La soirée électorale en Colombie a été marquée par une forte tension alors que les premiers résultats officiels confirment un affrontement très serré entre deux candidats aux projets radicalement différents. Alors que la moitié des bulletins étaient dépouillés, les autorités électorales ont attribué 43 % des suffrages à Abelardo de la Espriella et 42 % à Iván Cepeda, un écart trop faible pour permettre à l’un ou l’autre de franchir la barre des 50 % nécessaire à une victoire dès le premier tour. La perspective d’un second tour le 21 juin se dessine donc clairement.
Le dépouillement s’est déroulé dans une atmosphère de suspicions réciproques. Iván Cepeda a appelé à une vérification minutieuse des résultats, tandis que de la Espriella a célébré ce qu’il présente comme une avance. La nuit a été émaillée d’accusations mutuelles entre les deux camps, traduisant la polarisation du scrutin.
Des profils et des programmes aux antipodes
Âgé de 47 ans, Abelardo de la Espriella se présente comme un homme d’affaires issu de la société civile, promettant une lutte sans merci contre la criminalité et les groupes armés. Son style de campagne et ses propositions – notamment la construction de dix « méga-prisons » – évoquent la ligne dure du président salvadorien Nayib Bukele. Il s’est également affiché en soutien à Donald Trump et entend combattre la pauvreté par l’éducation, la santé et le logement social.
En face, Iván Cepeda, sénateur de gauche de 63 ans, incarne la continuité du projet de « paix totale » porté par le président sortant Gustavo Petro – qui ne peut se représenter et a apporté son appui à Cepeda. Fils d’un leader communiste assassiné, il privilégie la négociation avec les cartels et les guérillas, une stratégie qui n’a pour l’heure produit que des avancées limitées. Il propose de financer l’expansion du système de santé par une hausse de la fiscalité sur les hauts revenus et de distribuer un million d’hectares de terres aux victimes du conflit armé.

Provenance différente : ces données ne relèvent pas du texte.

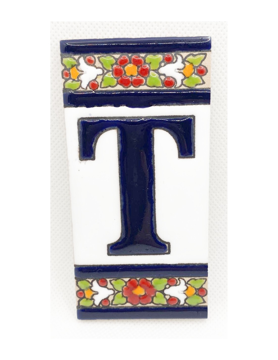 Ceramic letter designed by hand A-Z. Features an Andalusian inspired design.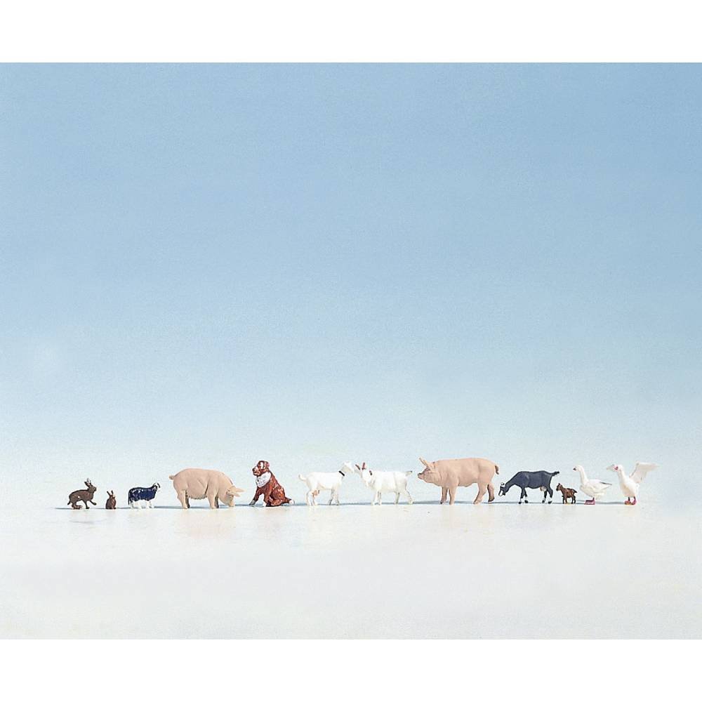 12 dieren (allen beschilderd) die passen bij elke boerderij: 2 varkens, 2 ganzen, 4 geiten, een schaap, twee konijnen en een hond….
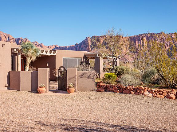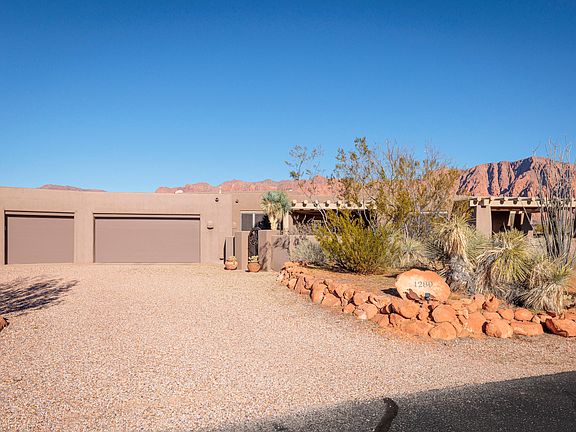 This custom former parade home (2003) has 3,077 square feet and sits on a generously-sized .73 acre lot on a corner lot on a quiet cul-de-sac in southern Utah's premiere desert community. Built using a polysteel system that uses insulated concrete forms (ICFs) to build durable, energy-efficient and structurally-sound homes, this lovely home has 3 bedrooms and 2 bathrooms, a formal living area as well as a family room. There's a gourmet kitchen (with high end SubZero, Wolf, and ASKO appliances), a built-in safe room, alarm system, solar panels, and built-in Murphy bed. A large 175 square foot heated and cooled room off of the 3 car garage can be used as a home office, workshop, art studio or home gym. The home has been restucco'ed by the current owners. Quiet, peaceful, and secluded. Stunning views of towering red cliffs and endless sagebrush. 1280 Mochni is situated just a short 5-10 minute walk to the renowned Kayenta Art Village, with its art galleries, restaurants, shops, Center for the Arts, 25 meter swimming pool, and more!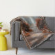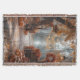 A quality printed throw has its advantages. This is a much finer weave throw than its loopier cousins, and though lighter, it is worth the investment for custom room accessorizing. The back is much prettier than the typical brown, and the fringe on the long sides very vivid, the selvage nicely done. Before photographing, I washed the throw in cold water, delicate, with a thicker woven throw the same size. On tumble dry low, this throw was dry in half the time as the other. This is a very practical quality if you use throws for furniture covers or to wrap up in frequently. The sleekness of the fabric makes it a great layer for accenting or protecting without the feeling of sitting on too much stuff. Perfect for napping or when you feel a light chill coming on. The color printing is beautiful and on this fabric, matched the design and color of my Photoshop image. This is an advantage for blending room fabrics and colors. The fringe on the short sides prints the colors from the design image and therefore varies from the side fringe. I streaked a white fractal line through the plaid pattern to give the illusion of weaving. This printed as crisp as an illusory thread, and put some white in the short side fringe, showing another advantage of print vs loomed- for artistic purposes, line lines, detail, and color integrity can be planned and preserved. My loomed throws have color limitations and more of a needlepoint texture. Print throws reproduce an exact image. The throw felt a little stiff straight out of the package, but this went away in the first delicate wash. Of course I searched the wash water for ink or bleeding and there was none.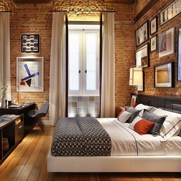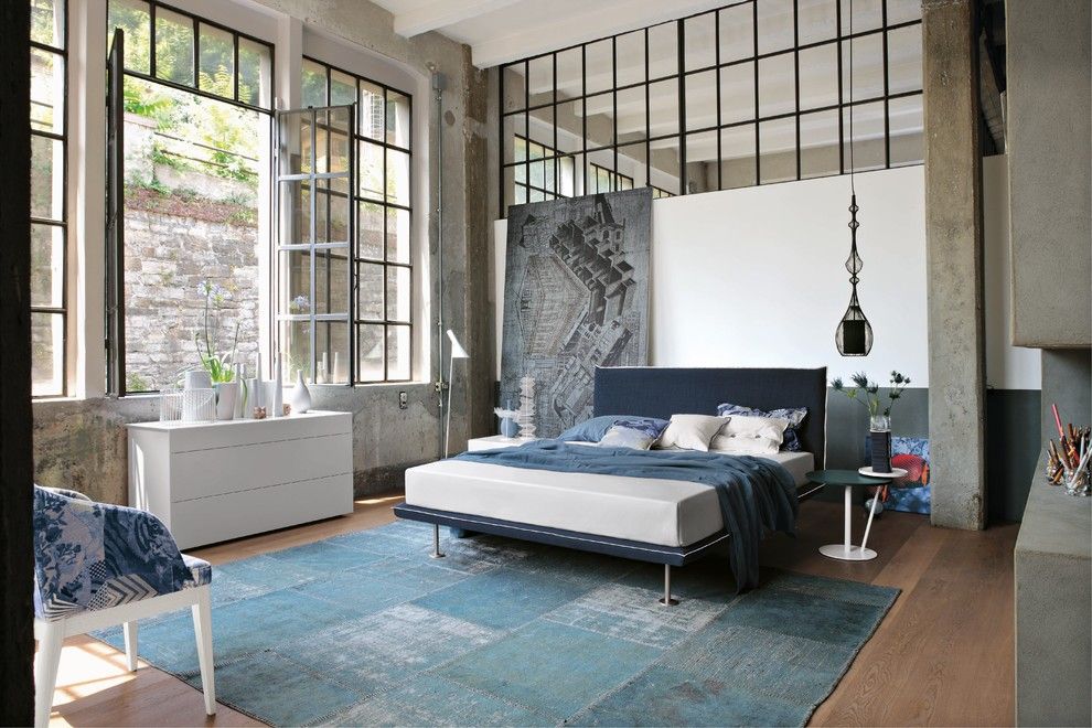 - В стиле лофт предполагается отсутствие перегородок, поэтому о спальне как об отдельной комнате говорят редко. В зону спальни обязательно ставят кровать без изысков и несколько небольших тумб или комодов. Громоздкие шкафы сюда не подходят, вещи лучше скрыть во встроенной мебели, которая сливается с цветом и фактурой стен.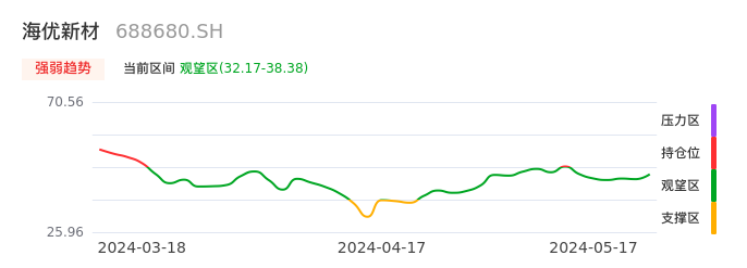 我们来看一下该股的九方特色指标强弱趋势的情况:海优新材自05月10日从持仓区下穿到观望区。股价近期持续下跌后,短期出现止跌迹象。后续重点关注能否再次站上多空分界点:38.38元。如未能有效突破则可能进入新一轮空头行情。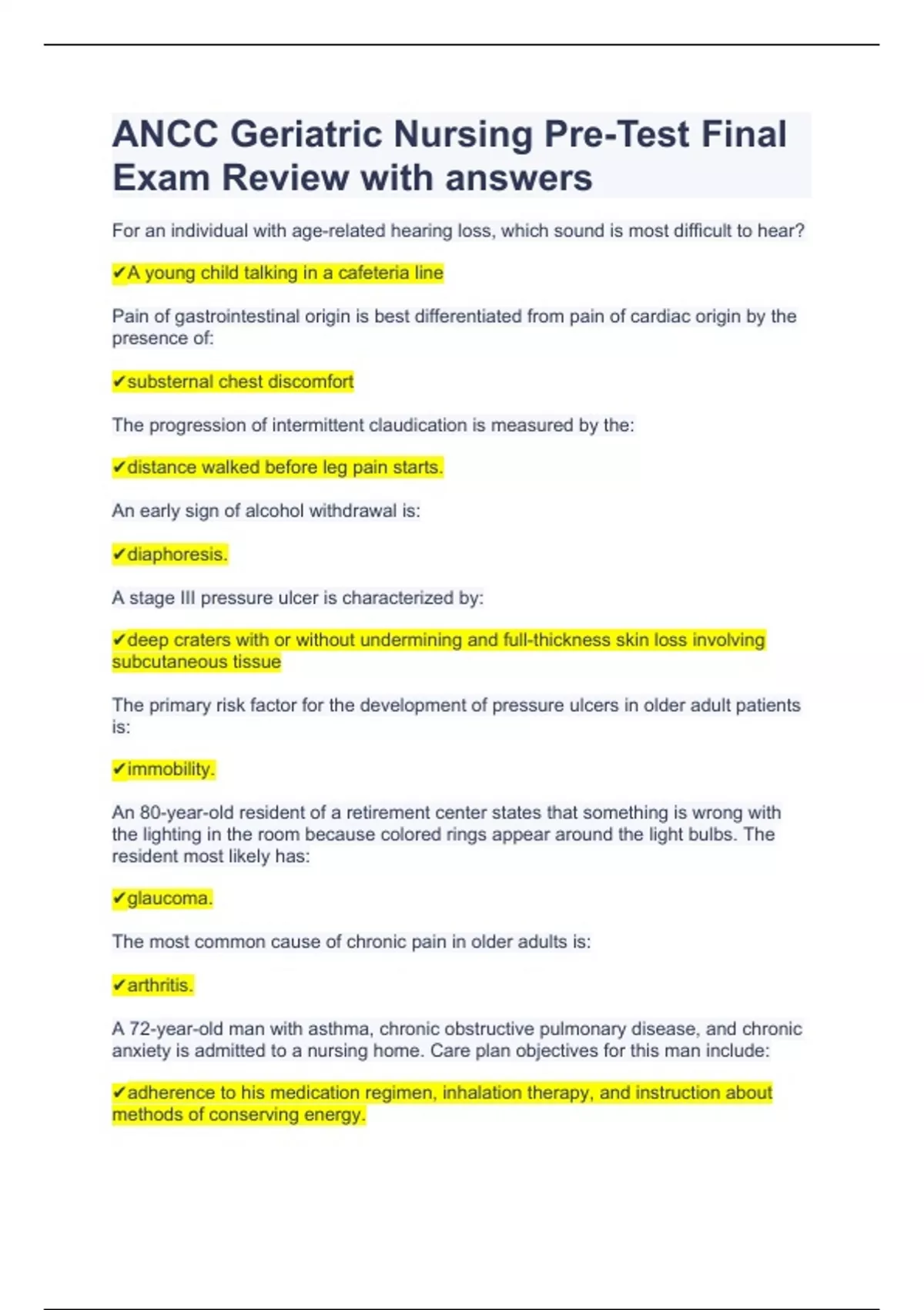 ANCC Geriatric Nursing Pre-Test Final Exam Review with answers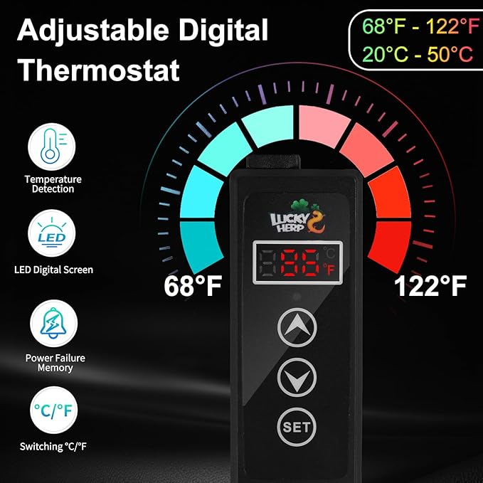 - Intelligent PID Thermostat: Reptile heating pad is equipped with a thermostat that adjusts and maintains the reptile's favourite temperature from 20°C to 50°C (68°F to 122°F), catering for a wide range of reptiles. Switch between °C and °F at any time.

Une troisième candidate loin derrière
Les sondages préélectoraux donnaient Iván Cepeda en tête et envisageaient une triangulaire plus serrée avec la sénatrice de droite Paloma Valencia. Celle-ci n’a finalement recueilli qu’environ 7 % des voix. Elle défendait des allégements fiscaux pour les entreprises et un financement des programmes sociaux par une relance de l’exploration pétrolière et gazière.
Les enjeux du second tour
Les deux finalistes devront désormais convaincre les électeurs des autres candidats pour espérer l’emporter le 21 juin. Le scrutin oppose une vision sécuritaire répressive – illustrée par la promesse de « méga-prisons » et d’une offensive militaire contre les groupes illégaux – à une approche de dialogue et de réforme sociale, héritée des accords de paix de 2016. La lutte contre la pauvreté, les inégalités et l’insécurité, ainsi que l’amélioration du système de santé, figurent en tête des préoccupations des électeurs. Le second tour s’annonce comme un choix clair entre deux modèles de société pour la Colombie.